Other artists find ways to imagine the environments in which these two-way acts of observation might take place. Flo Maak, for instance, uses c-prints and manipulated images to produce impossible spaces in which various beasts sit, somewhat uneasily, in artificial scenarios. Wesley Meuris on the other hand both draws and literally constructs exhibition spaces such as enclosures, tanks, and cages where life might be enclosed and studied, whilst Sonia Shiel has made a crappy, riotous habitat from detritus; it hovers perilously yet comically between constructed and natural worlds.
Nestled within these more overt subject matters and concerns is a tacit theme: nature presents humans with an ontological threat. Our humanity is enfolded within nature and inseparable from it. Hence, easy distinctions such as those between creature / environment; natural / artificial; animal / human become increasingly fluid; untenable even. Inevitably, nature will get us in the end.
As I finish writing this I’m looking over at the dog who’s sharing the room with me. Just now she’s resolutely and stubbornly refusing to be a metaphor for anything in particular. I don’t see anything being signified but rather a shitting bundle of fur, teeth and barks that dozes in the corner occasionally looking up at me bored and askance. If animals are an allegory for anything, then perhaps it is what I want art to be like.
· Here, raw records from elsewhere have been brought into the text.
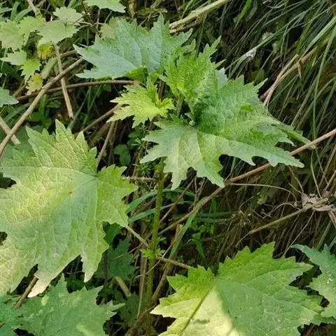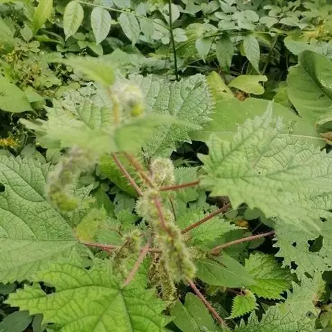 多年生草本,有横走的根状茎,茎自基部多出,高40~100厘米,四棱形,密生刺毛和被微柔毛,分枝少。叶近膜质,宽卵形、椭圆形、五角形或近圆形轮廓,长5~15厘米,宽3~14厘米,先端渐尖或锐尖,基部截形或心形,边缘有5~7对浅裂片或掌状3深裂(此时每裂片又分出2~4对不整齐的小裂片),裂片自下向上逐渐增大,三角形或长圆形,长1~5厘米,先端锐尖或尾状,边缘有数枚不整齐的牙齿状锯齿,上面绿色或深绿色,疏生刺毛和糙伏毛,下面浅绿色,被稍密的短柔毛,在脉上生较密的短柔毛和刺毛,钟乳体杆状、稀近点状,基出脉5条,上面一对伸达中上部裂齿尖,侧脉3~6对;叶柄长2~8厘米,密生刺毛和微柔毛;托叶草质,绿色,2枚在叶柄间合生,宽矩圆状卵形至矩圆形,长10~20毫米,先端钝圆,被微柔毛和钟乳体,有纵肋10~12条。
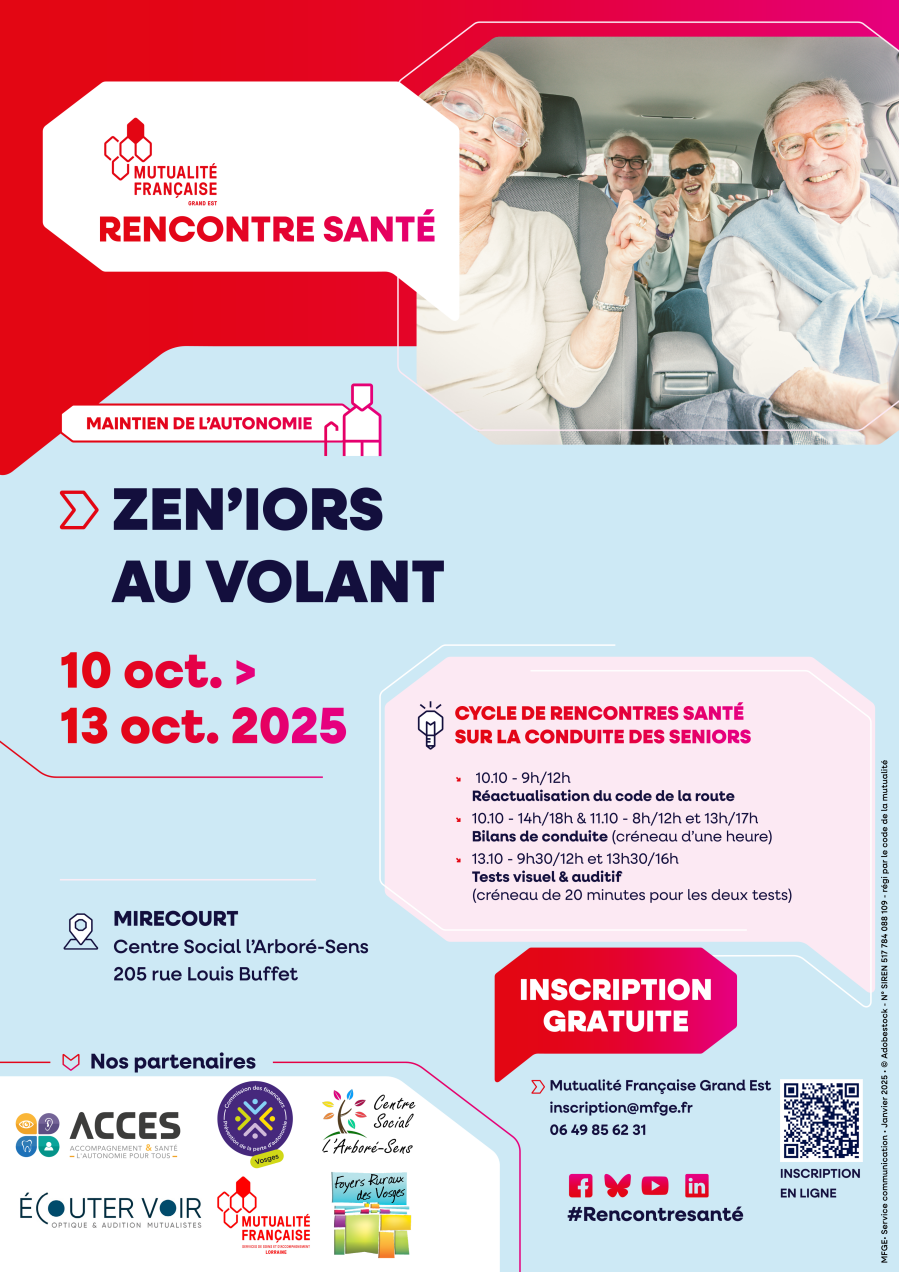 Cette action gratuite et ouverte à tou.te.s. sur inscriptions est mise en place grâce au soutien financier de la commission des financeurs 88. Renseignements et inscriptions : 06 49 85 62 31 inscription@mfge.fr ou https://grandest.mutualite.fr/evenements/zeniors-au-volant-a-mirecourt/
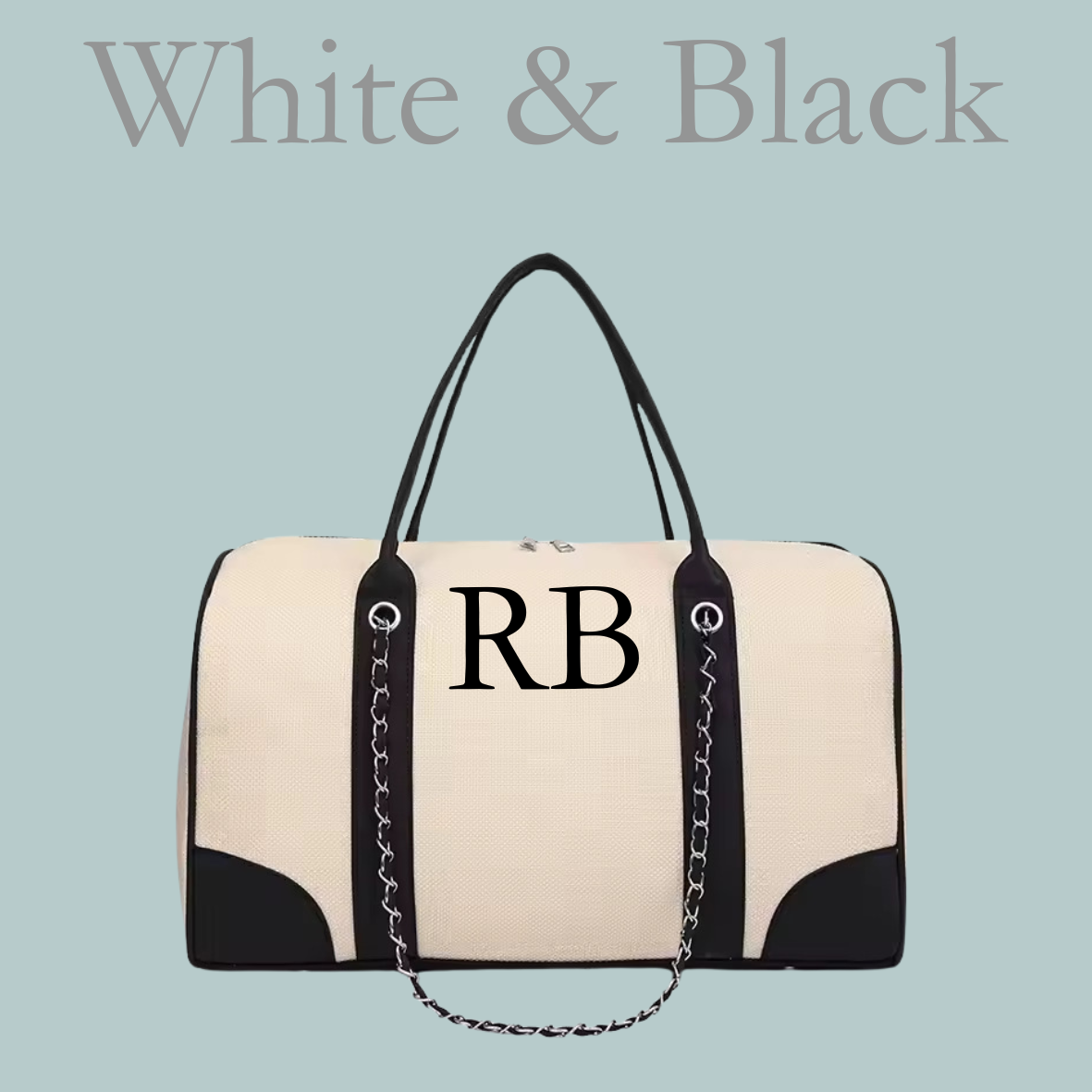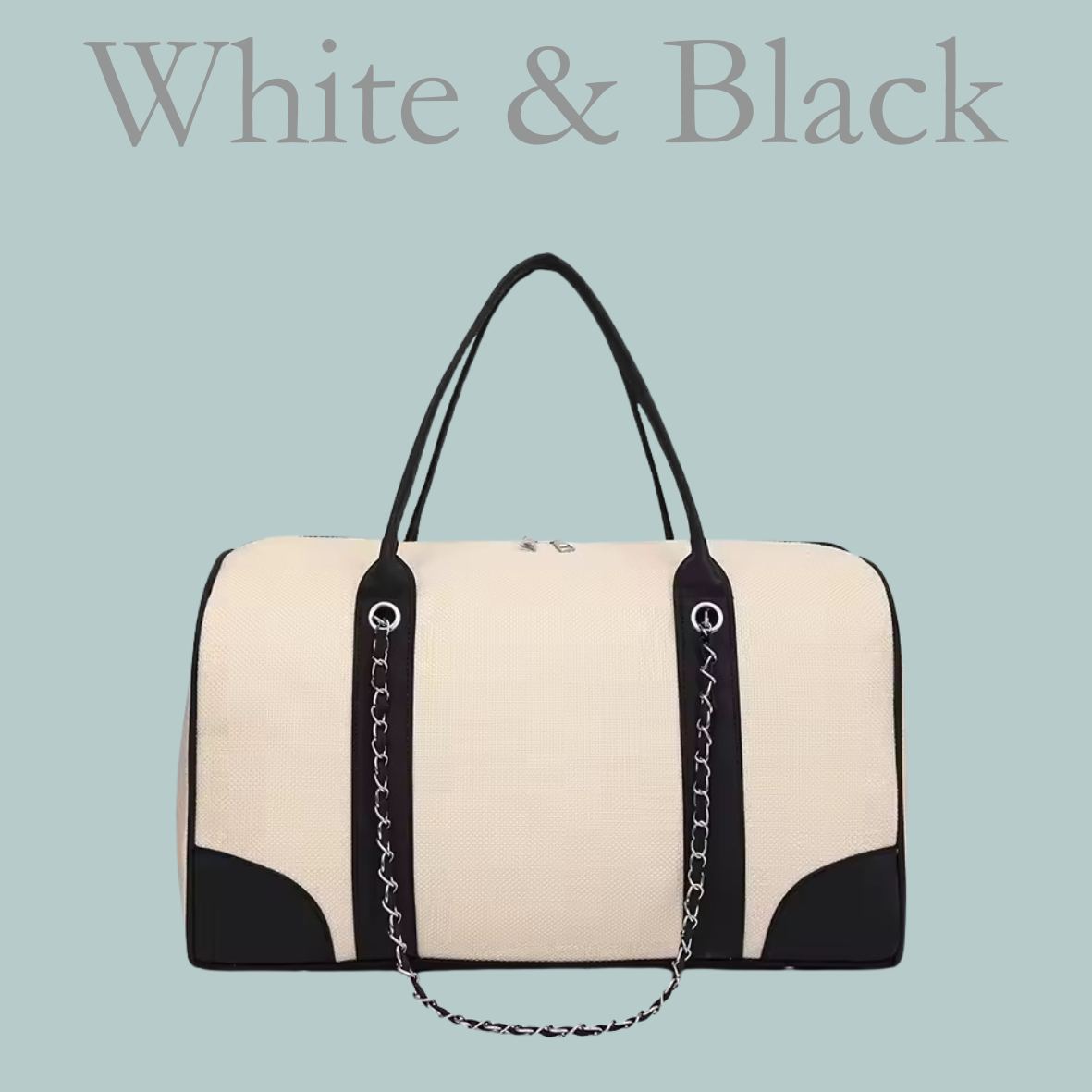Canvas Barrel Bag - White & Black
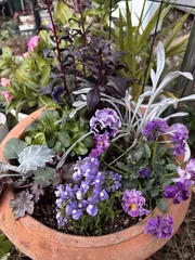 紫で寄せ植えしました💕10円ヒューケラ入れましたが小さめです。一緒に育ってくれるといいです😅
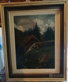 Lotto tre quadri: - olio su tela, Ugo Battaglia, 72x91,5 (tela 50x70); - olio su tela, Delio Di Maggio, 57,5x78 (tela 40x60); - olio su tavola, non firmato, 42x51. In omaggio cornice vecchia 66x81.
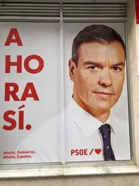 Los socialistas han encontrado el cartel de campaña con la imagen de Pedro Sánchez completamente impregnada de suciedad tras el lanzamiento de huevos durante estos días de puente
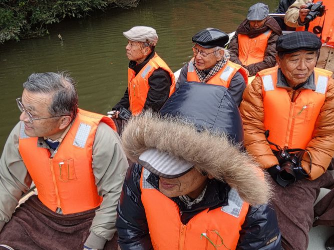 派手な柿色の救命胴衣と膝掛け毛布の御蔭で多少寒さも凌げるかと期待しボートに乗る。
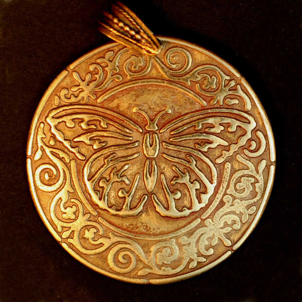 Anterior: medallón de bronce mariposa fotografiada en el estudio de luz de jarro de leche. Usé un metal repujado placa y Goldie Bronze arcilla para hacer el medallón. Pátina: Vintaj "arcilla" y "bronce envejecido" por encima de la de bronce luego sella con una laca del metal
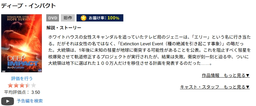 TSUTAYA DISCASで映画「ディープ・インパクト」をDVDレンタルしてフル視聴
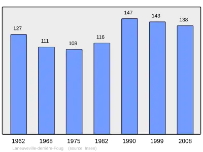 Według danych na rok 1990 gminę zamieszkiwało 147 osób, a gęstość zaludnienia wynosiła 130 osób/km² (wśród 2335 gmin Lotaryngii Laneuveville-derrière-Foug plasuje się na 898. miejscu pod względem liczby ludności, natomiast pod względem powierzchni na miejscu 1248.).
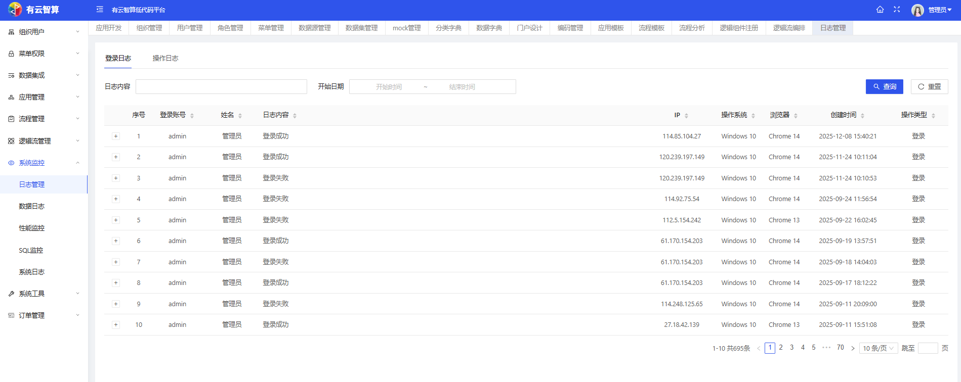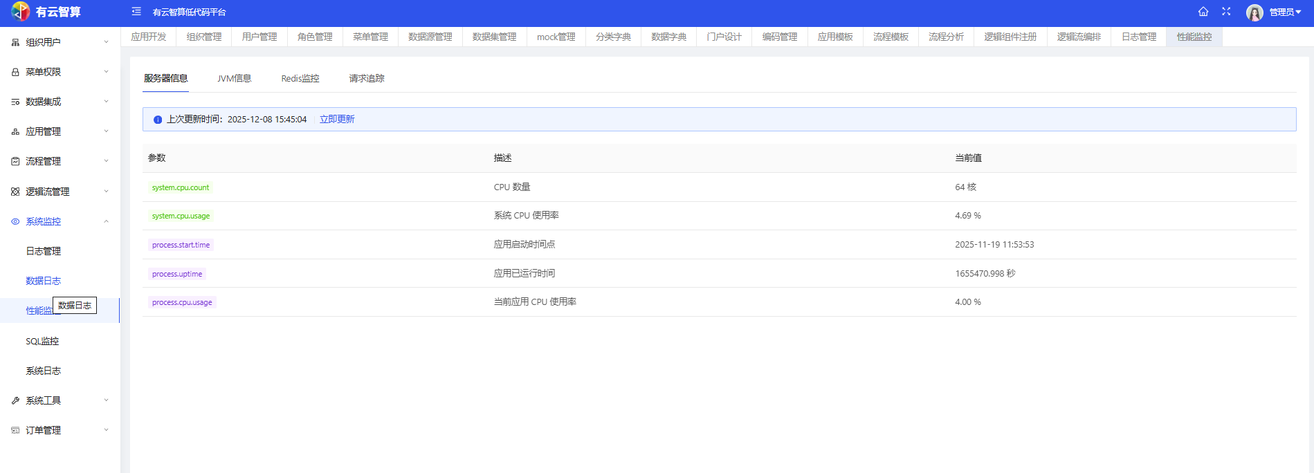 系统监控:支持日志管理(登录日志、操作日志等)、性能监控(服务器CPU、应用运行时间等信息)、SQL监控等。
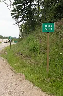 Alger Falls is a waterfall located along highway M-28 (Michigan highway) in Alger County, Michigan near Munising at the junction with M-94. The falls consist of a series of drops, the highest of which is about 15 feet (4.6 m). The falls can be seen from the highway. The level of water coming over the falls can vary greatly depending on snow melt or rainfall.
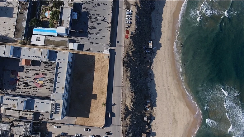 우로보로스의 첫 장면은 드론으로 촬영한 해안가의 풍경이다. 수직으로 내려다본 해안에는 파도가 밀려온다. 아니, 밀려나간다고 표현해야 정확할 텐데, 영상은 이 풍경을 거꾸로 재생시키고 있기 때문이다. 드론은 천천히 해안 도시 안쪽으로 이동하며 도로 위에서 움직이는 차들, 학교처럼 보이는 건물의 운동장에 모여 움직이는 사람들과 같은 도시의 미시적인 움직임들을 마치 감시자와 같은 시선으로 포획하고, 드문드문 부서지고 타버린 건물들을 무심히 스쳐 보여준다. 이 시퀀스 내내 위기감을 고조시키는 허디거디(hurdy-gurdy)의 사운드가 귀에 거슬릴 정도로 강하게 이어진다. 그리고 갑자기 전환되는 장면은 평화롭고 아름다운 해안 도시의 풍경을 천천히 조망한다. 갑자기 왜 다른 도시를 보여줄까 싶지만, 문득 한 건물에 적혀 있는 ‘Bank of Palestine’이라는 문구가 보이고 이곳이 시점만 바꿔 촬영된 가자 지구임을 상기시킨다. 우리가 미디어를 통해 기억하는 가자의 이미지는 재난과 폭력, 절망과 슬픔만이 가득한 도시이지만, 중년의 아랍 여인이 햇살 가득한 정원을 가로질러 들어간 드넓은 가정집은 삶의 시간이 고스란히 남아 있는 부유한 생활을 드러낸다. 카메라는 모든 방을 하나하나 들어가 침구류며 책꽂이, 장식품 등을 손으로 건드리는 여인의 뒷모습을 따라가는데, 이 롱테이크 시퀀스는 해안의 풍경과 마찬가지로 거꾸로 재생된다. 거꾸로 재생되는 시퀀스는 사막에서 텐트를 짓는(해체하는) 네 남녀의 모습이나 마테라의 집 안에서 음식을 준비해서 먹는 주인공의 모습 등 영화 곳곳에서 등장한다. 이는 서사가 선형적 시간의 연속체로서 구조화되는 것을 거부하며 한 단위의 공간이 다른 단위와 임의적으로 연결될 수 있음을 알린다.
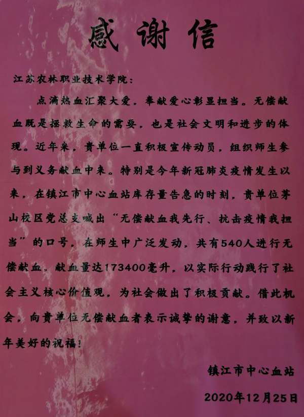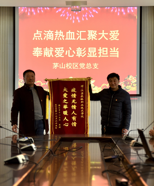 12月25日,镇江市中心血站句容采储血点主任徐平一行来到我院,把一面由镇江市中心血站颁发的“疫情无情人有情 大爱之举暖人心”锦旗,送到了师生手中,表达对我院学生无偿献血的爱心回馈和感激之情。
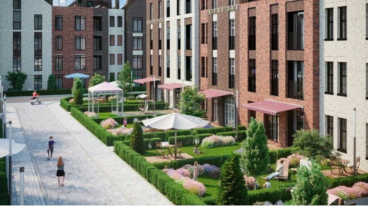 Окна квартиры выходят во двор, что обеспечивает хорошее естественное освещение и возможность наслаждаться видами и собственной террасой. Кирпичный дом с монолитными перекрытиями гарантирует прочность и надёжность конструкции.
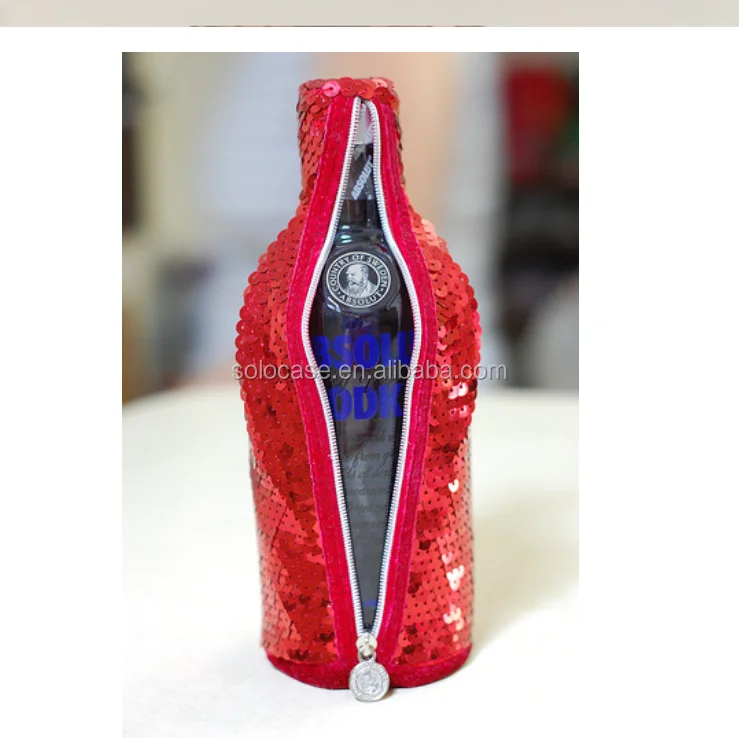 Sparkling 750ml Neoprene Sequin Cooler Bag Sequin Beer Bottle Holder and Cooler Sleeves
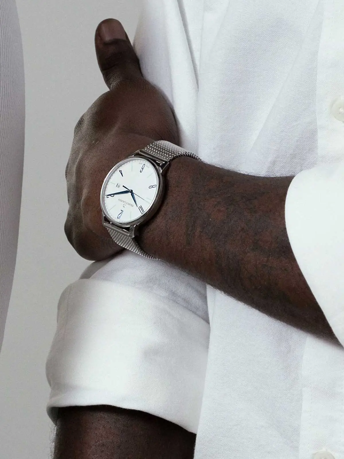 Được trang bị bộ máy quartz Ronda 515 chính xác và bền bỉ, đồng hồ đi kèm dây thép mắt lưới kiểu Milan khóa trượt và khả năng chống nước 50 m (5 ATM). Eliros Date là lựa chọn lý tưởng cho những ai yêu thích phong cách tối giản, chất lượng Thụy Sĩ và sự tinh tế hàng ngày.
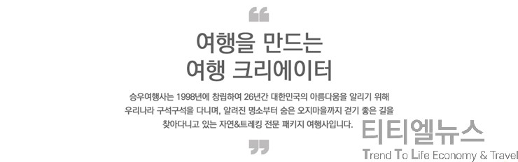 승우여행사는 ‘2025년 꼭 걸어야 할 버킷리스트 여행지 10선’의 전 상품을 기획 판매 중이다. 여행지는 순차적으로 오픈될 예정이며, 자세한 내용은 승우여행사 홈페이지에서 확인 할 수 있다.
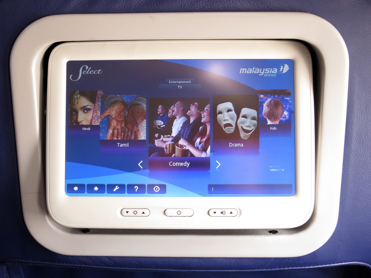 - 国際線仕様の機材ですからプログラムも国際線用、多民族国家らしくタミル人やヒンドゥー教徒向けチャンネルもあったりで勉強になります

If art is the creation of new things in the world that we don’t understand then perhaps art is creaturely and feral. Animals, like the best art, are not reducible to metaphorical meaning; they have lives that sit outside human systems of reference and signification. They are lawless little perverts running amok leaving their fluids and faeces all over the shiny surfaces we spend our lives struggling to keep clean.